Como a esquerda deveria se posicionar diante das manifestações em Cuba?

Se é verdade que a esquerda que apoia Cuba acredita na soberania dos cubanos sobre o território e o Estado, fica evidente que o comando do Estado cubano faz com que o povo não tenha liberdade e soberania sobre esse Estado. A repressão que se estabelece permanentemente em Cuba é um atestado de que, na ilha, os cubanos não têm soberania. Há uma permanente usurpação da soberania. Cuba não tem representação democrática, a sociedade não se representa democraticamente no Estado.

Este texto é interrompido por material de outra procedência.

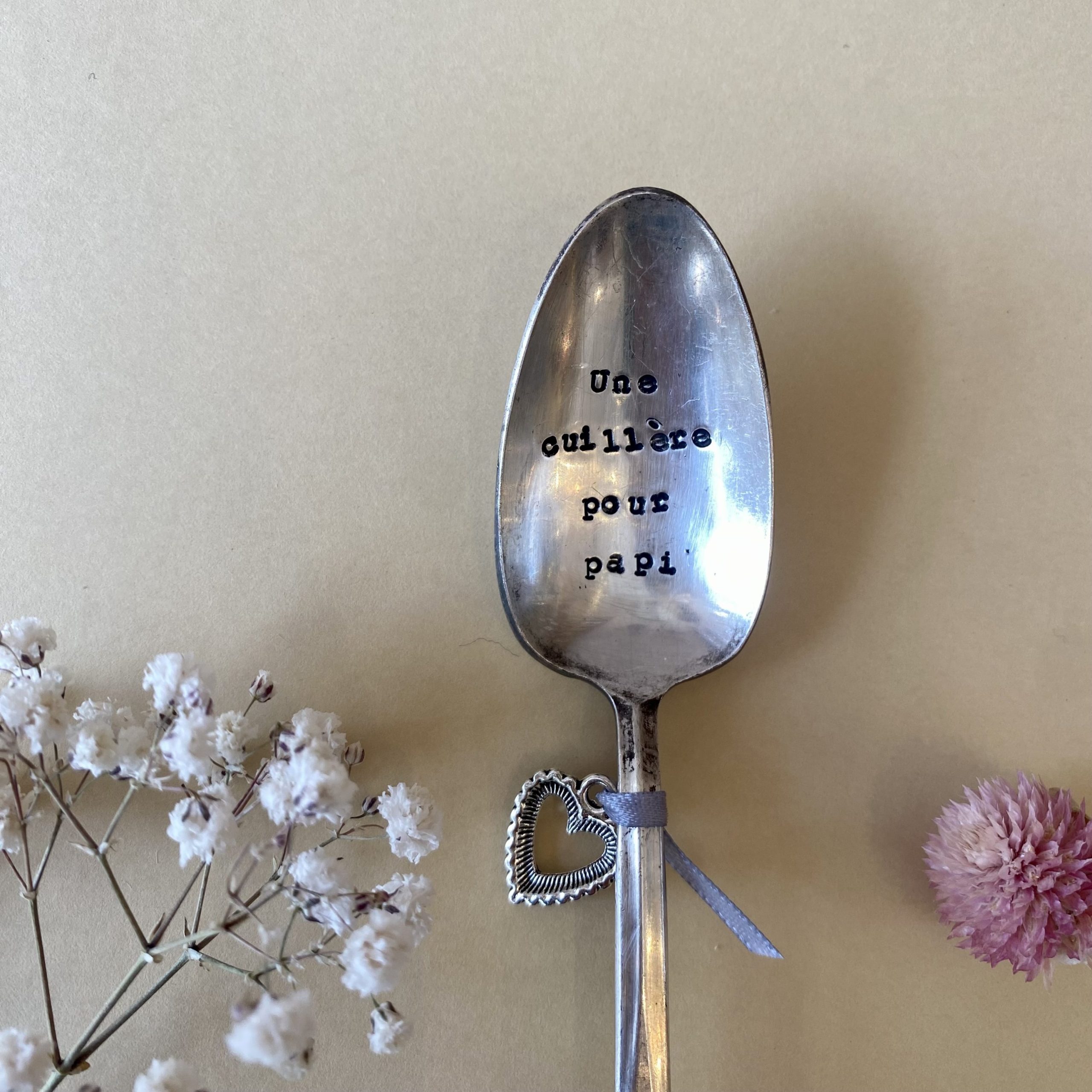 Petite cuillère aux jolis messages! Pour une annonce, une attention ou pour un petit plaisir, offrez-vous une cuillère gravée. Chaque petite cuillère a été chinée puis gravée à la main. Les petites cuillères sont toutes différentes et mesurent entre 10 et 15cm selon les modèles.
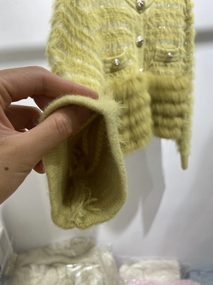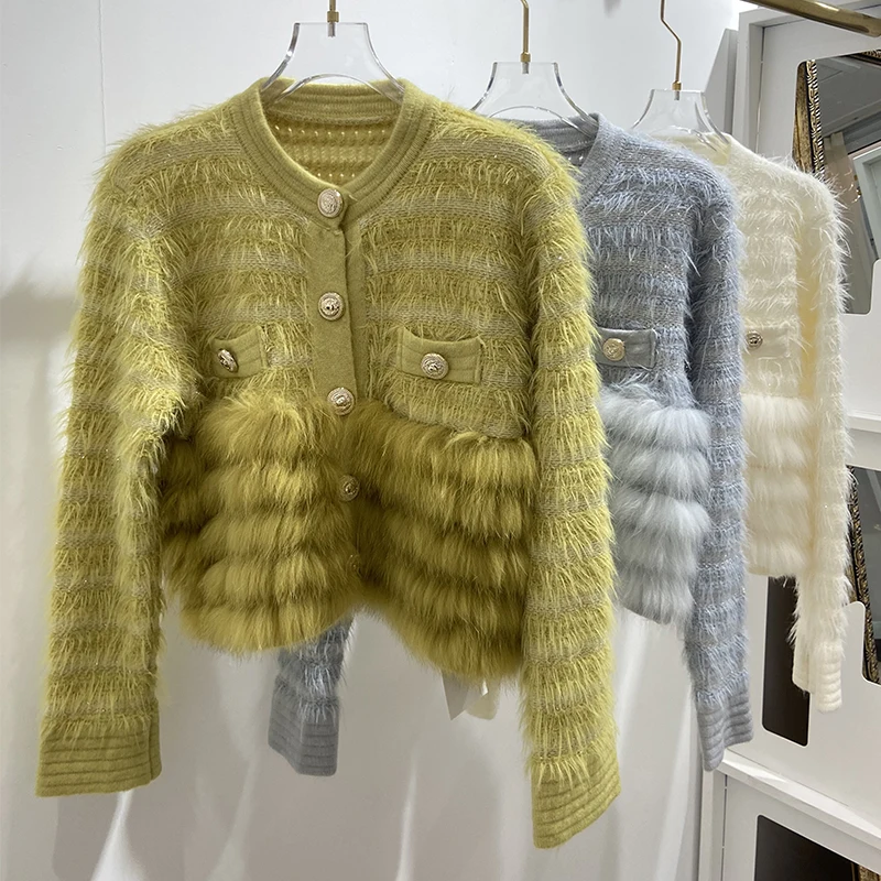 2024 Autumn Girl's Fashion Yellow Real Fox Fur Cute Sweater Real Fur Spring Lovely Women Knitted Special Design Jacket Wear
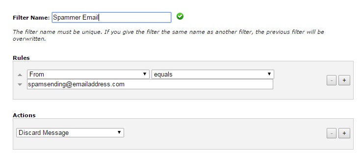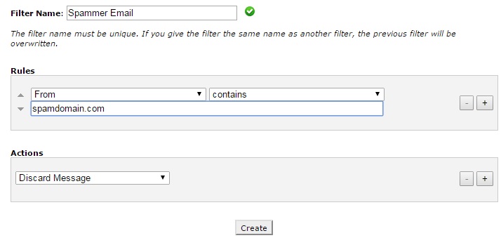 6. Set the 'action' to 'discard message' then click 'create' to save and activate the rule.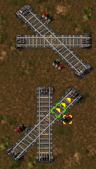 straight rail doens't collide with curved so there is every pieces of straight rail possible in the diagonal, althought afaik only the last, overlapping one is involved. All rails were placed before any signals.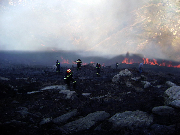 με σκοπό να εμποδίσουν το πύρινο μέτωπο να περάσει το δρόμο. Παρότι η εμπειρία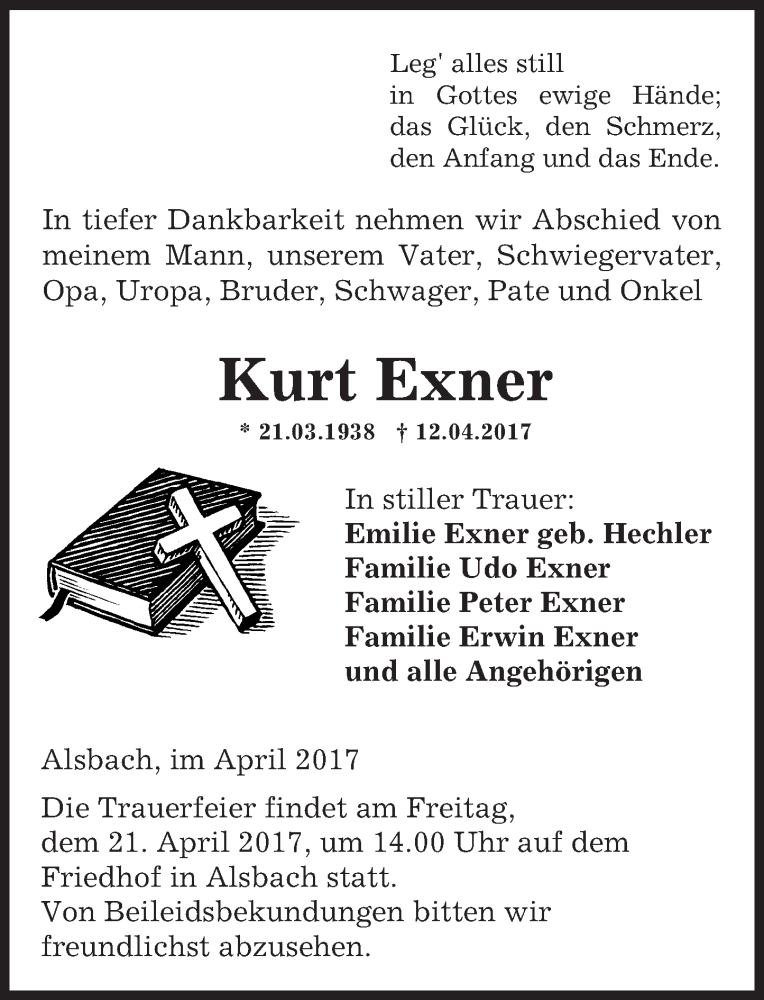 Hier finden Sie alle Traueranzeigen aus der Zeitung, die bisher für Kurt Exner erschienen sind. Weitere Traueranzeigen, die in der Zeitung erscheinen, werden hier ebenfalls aufgelistet

Na semana passada, um dirigente do PT divulgou nota de apoio à eleição de Daniel Ortega, na Nicarágua O que leva setores do partido a apoiar ditaduras na Nicarágua e na Venezuela?

O apoio a ditaduras parte de uma esquerda anacrônica e passadista que ainda está dentro do paradigma da revolução. Sabe que a revolução não tem mais a perspectiva da guerrilha, da luta armada, tipo Marighella e Che Guevara, mas quer manter a perspectiva de emergência de massas na política, com um programa cada vez mais radicalizado para acentuar contradições na expectativa de chegar a situações pré-revolucionárias.

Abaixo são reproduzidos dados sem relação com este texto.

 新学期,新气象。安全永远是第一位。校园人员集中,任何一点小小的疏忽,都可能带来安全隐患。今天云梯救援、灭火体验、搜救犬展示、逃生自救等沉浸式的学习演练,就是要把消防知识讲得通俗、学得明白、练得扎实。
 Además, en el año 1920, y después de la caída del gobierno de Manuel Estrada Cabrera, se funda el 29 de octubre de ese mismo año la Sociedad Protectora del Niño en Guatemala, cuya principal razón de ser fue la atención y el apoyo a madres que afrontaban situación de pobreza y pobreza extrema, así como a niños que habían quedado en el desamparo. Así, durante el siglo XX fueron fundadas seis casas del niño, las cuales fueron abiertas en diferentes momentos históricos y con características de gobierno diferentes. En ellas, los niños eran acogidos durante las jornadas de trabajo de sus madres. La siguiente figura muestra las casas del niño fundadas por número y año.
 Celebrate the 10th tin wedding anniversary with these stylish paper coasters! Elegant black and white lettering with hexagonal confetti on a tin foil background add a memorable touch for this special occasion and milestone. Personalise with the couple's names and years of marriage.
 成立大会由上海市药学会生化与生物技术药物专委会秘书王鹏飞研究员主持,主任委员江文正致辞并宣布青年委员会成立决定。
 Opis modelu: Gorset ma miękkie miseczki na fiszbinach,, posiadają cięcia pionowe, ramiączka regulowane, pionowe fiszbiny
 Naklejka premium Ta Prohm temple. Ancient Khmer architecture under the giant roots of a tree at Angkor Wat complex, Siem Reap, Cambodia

Há dificuldade afetiva de setores da esquerda em criticar Cuba e Ortega?

Acredito que existe. Todo elemento de mito da esquerda provoca esse tipo de relação de afeto, que é um sentimento de defesa, quase se materializando na ideia de que tomar um caminho crítico seria uma traição à revolução, ou que seria fazer o jogo dos exploradores, dos opressores e da direita.

Qual o papel de Lula na forma de o PT tratar Cuba e Venezuela e se relacionar com a democracia?

O papel do Lula é fazer a ponte com esse passado do paradigma da revolução sem assumi-lo. Lula negocia com os protagonistas desse paradigma. Ele faz a ponte com a herança dessa esquerda, que está no PT, nos ex-integrantes da luta armada e na igreja da teologia da libertação. Lula expressa o sindicalismo de resultados que negocia com esse campo. Ele nunca quis ser afiliado à social-democracia europeia, tanto é que o partido afiliado à Internacional Socialista era o PDT.

Lula manteria essa ambiguidade ao viajar à Europa e se encontrar com líderes da social-democracia comprometida com a globalização e com o liberalismo político, como Olaf Scholz?

Mas ele não fala nada nesse sentido (da social-democracia). O que ele fala é o que essa social-democracia quer ouvir, que ele aqui é o protagonista da luta contra as elites, contra as oligarquias, o atraso, a violência e a queima da Amazônia. Alguns temas se vinculam à social-democracia de lá, mas ele tem de ser um protagonista contra a injustiça que existe nos países subdesenvolvidos e, como a Europa não fará mais a revolução e não se apoia mais um personagem que venha do atraso, a social-democracia europeia preza muito bem protagonistas como Lula, que são, na visão dela, a expressão da luta contra a miséria e a pobreza fora da Europa. Lula mantém essa ambiguidade Ele não assume nem o discurso do paradigma da revolução nem a identificação com a social-democracia.

Para superar o risco autoritário é necessário o abandono da ideia de revolução?

Isso de saída, como cimento de uma nova cultura política. Abandonar o paradigma da revolução e se instalar definitivamente no paradigma da democracia. O tema democrático exige atenção, dedicação e um diálogo de diversos atores, pois o tempo da democracia é de múltiplas dimensões do presente. Não é o tempo agudo da revolução, do antes e depois. Produzir consenso é necessário na democracia. Sabemos que nossa democracia está em um ponto de mal-estar. A sociedade julga que as coisas não estão boas, com altos salários e gente em excesso no Estado brasileiro É extraordinário o número de pessoas no Brasil que vive da política. É necessário pensar uma reforma política saneadora da nossa democracia? É evidente. A sociedade precisa ver que a democracia muda a vida num contexto de paz e não de exacerbação de contradições.